Wenn man sich durch die Bildergalerien klickt und zerstörte Bergwerkrahmen sieht tut ja das Auge weh...


MfG


----------



## daif (23. April 2007)

begwerkrahmen brechen nicht mehr (und nicht weniger) als irgendwelche anderen Rahmen. Sowas gibts immer und überall. Sei es Materialfehler oder falscher Gebrauch... Musst nur mal bei anderen Herstellern schauen...

Ich meine auch dass es eine Gewichtsbeschränkung auf den SL Rahmen gibt.
Bin aber nicht sicher. Ein kurzer Anruf bei BW sollte das klären können ;-)

grüße


----------



## blindmarathon (24. April 2007)

War eher darauf bezogen ob die SL Rahmen anfälliger für Brüche wären als die normalen Mercurys.
Seit wann gibts den die SL Version?


Ich spiele ebenfalls mit dem Gedanken ein neues Rad zu besorgen. Bergwerk finde ich interresant - aber welches? Deshalb die Fragen



daif schrieb:


> Für mich ist der Mercury ein Rahmen für die Ewigkeit. Stabil und schön!
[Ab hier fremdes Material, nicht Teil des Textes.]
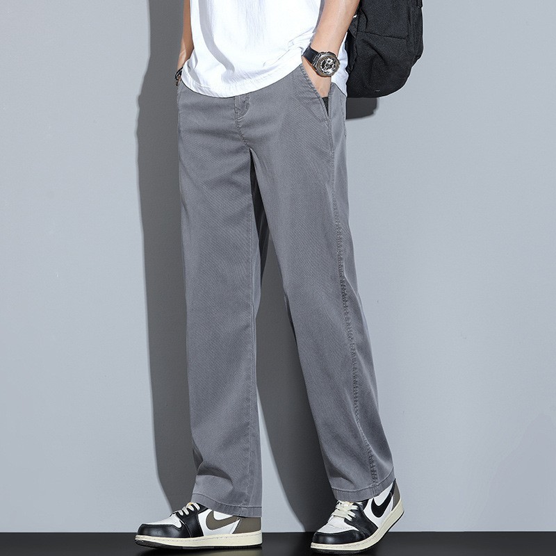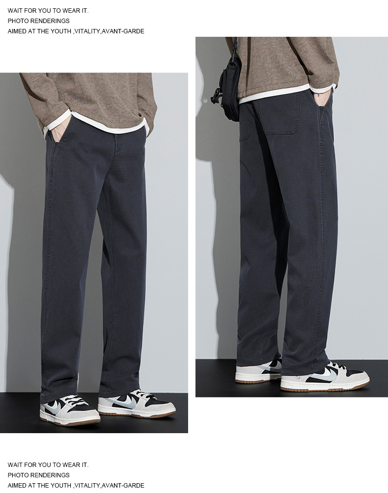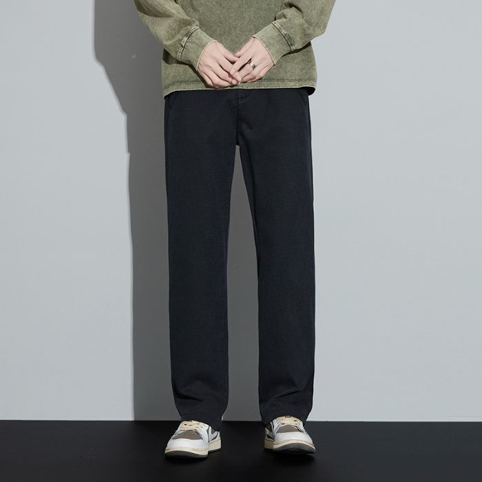 가을과 겨울 두꺼운 탄성 핏 스트레이트 캐주얼 바지 청소년 올 매치 캐주얼 와이드 레그 바지 남성용 슬림 핏 캐주얼 바지

würdest du das auch über den SL sagen?
In dieser Presiregion erwartet man ja auch einen für die Ewigkeit 


Gruß


----------



## 4element (24. April 2007)

hat sich bei mir erledigt - Liteville bringt heuer oder spätestens nächstes Jahr ein Hardtail, grins.


----------



## daif (24. April 2007)

@4element
hmmm, bin ja gespannt! wird allerdings schwer da was "revolutionär neues/funktionierendes" zu bringen ;-). Da kann man ja net mit der Federung spielen 
Die sollen lieber den Federweg etwas erhöhen (Für Endurogabeln bis 150/160mm), dann wär's bei mir definitiv in der Auswahl der potentiellen Fullies. Aber ne Eröhung auf 125mm kommt ja glaub schon mittels anderer Umlenkhebel oder so (hab ich irgendwo gelesen).

@blindmarathon
also kaputt bekommt man alles, wenn man nur richtig versucht, wie oben schon gesagt!
Ich bin bei weitem kein Rahmenspezialist und teile hier nur mein gefährliches Halbwissen mit  Ob der SL so "haltbar" wie der normale ist k.A. Dünnere Wandstärke, andere Ausfallenden....
Seit wanns das SL gibt? Da bin ich mir auch nicht 100% sicher. 2003/2004, eins von beiden. 2004 gabs es auf jeden Fall schon. 2002 gabs das Mercury Race, was sich aber soweit ich weiss nur in der Ausstattung unterscheidet, nicht vom Rahmen her (also wie heute bei den Austattungsvarianten Ecco, Endurance, .....)

Frag mal hier 
http://bergwerk-union.de/BWUForum/phpBB2/index.php
Da gibts n paar SL Fahrer wenn ich mich net irre 

grüße


----------



## blindmarathon (24. April 2007)

hab was herausgefunden:  http://www.bergwerk-union.de/Bike/TechCorner/Mercury/2004/mercury_sl_2004.pdf


für die faulen: SL max 90kg


----------



## UKW (25. April 2007)

Das Mercury SL wurde 2003 eingeführt. Es gab zu dieser Zeit sogar ein Rennteam mit zwei Fahrern (Kathrin Schwing und ich glaube ihr Partner Ralf Ball). Ist aber nach einem Jahr oder so wieder aufgelöst worden.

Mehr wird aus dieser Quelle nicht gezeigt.